Many do not trust that early, open label, DCVax-L data, as presented, and I don't blame them, but if the phase 3 does prove to resemble the mature phase 1, phase 2a charts that LL presented in that recent lecture, then DCVax-L efficacy is similar to the checkpoint inhibitors.
The data actually showed what may prove to be a cure for about half of the mesenchymals. Clinicians can not use the word cure, but I can. I am assuming that the "about half" is the methylated "about half". If so, and this level of efficacy proves out, then you could argue that DCVax-L is more valuable than the checkpoint inhibitors for 2 reasons: 1) It does not have the horrible side effects that can come from checkpoint inhibitors. 2) It may be possible to identify which 20% of patients will benefit from DCVax-L prior to surgery, allowing other therapies from NWBO or other companies to be trialed for the complement of patients.
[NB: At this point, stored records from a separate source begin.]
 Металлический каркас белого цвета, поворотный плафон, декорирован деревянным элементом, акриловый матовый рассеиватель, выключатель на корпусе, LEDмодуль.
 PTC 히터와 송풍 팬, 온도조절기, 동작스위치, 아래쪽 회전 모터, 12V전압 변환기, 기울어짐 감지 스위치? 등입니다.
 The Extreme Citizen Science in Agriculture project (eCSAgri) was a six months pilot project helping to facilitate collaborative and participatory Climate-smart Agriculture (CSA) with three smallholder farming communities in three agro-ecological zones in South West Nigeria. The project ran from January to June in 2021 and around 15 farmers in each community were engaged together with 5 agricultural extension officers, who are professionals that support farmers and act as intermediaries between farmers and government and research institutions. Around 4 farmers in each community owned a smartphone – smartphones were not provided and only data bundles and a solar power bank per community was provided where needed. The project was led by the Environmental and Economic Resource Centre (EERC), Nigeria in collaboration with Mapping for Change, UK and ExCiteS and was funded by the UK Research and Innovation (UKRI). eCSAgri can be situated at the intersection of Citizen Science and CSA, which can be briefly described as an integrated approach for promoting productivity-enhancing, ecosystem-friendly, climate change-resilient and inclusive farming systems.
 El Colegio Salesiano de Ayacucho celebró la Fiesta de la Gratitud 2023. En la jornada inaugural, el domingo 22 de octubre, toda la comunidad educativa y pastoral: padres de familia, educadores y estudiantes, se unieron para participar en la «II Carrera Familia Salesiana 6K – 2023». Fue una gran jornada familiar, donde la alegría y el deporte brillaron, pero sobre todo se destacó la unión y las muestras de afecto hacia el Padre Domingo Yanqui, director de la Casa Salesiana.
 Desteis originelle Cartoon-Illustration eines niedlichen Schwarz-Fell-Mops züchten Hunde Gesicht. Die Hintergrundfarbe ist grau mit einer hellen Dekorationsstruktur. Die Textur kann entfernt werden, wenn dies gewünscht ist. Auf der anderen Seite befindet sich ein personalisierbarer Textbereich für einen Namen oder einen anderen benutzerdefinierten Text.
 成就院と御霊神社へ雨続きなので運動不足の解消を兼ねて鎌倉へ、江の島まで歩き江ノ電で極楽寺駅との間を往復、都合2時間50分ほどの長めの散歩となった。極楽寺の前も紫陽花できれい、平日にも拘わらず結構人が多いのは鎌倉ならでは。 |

That is a big deal.
Flipper and Doc Logic and others believe one of the recent studies may indicate a good way to identify patients that will respond to DCVax-L prior to surgery by examining the lymphocytes in the blood to determine whether some immune response to the tumor has begun. This would not necessarily be along known subgroup lines... but again, the CI's were approved, possibly with no defined subgroup for the 15% to 25% response. This initial tumor response, prior to DCVax-L administration, is apparently not strong enough to stop the cancer, but the response indicates a healthy immune system and the existence of mutant antigen targets, making the patient a good candidate for DCVax-L.
And again, Flipper recently provided an example of a CI being approved based on a relatively small phase 2. Not tiny, but small compared to the DCVax-L trial. Flipper and others have also shown a recent case where a CI trial received approval from the FDA without any request from the sponsor.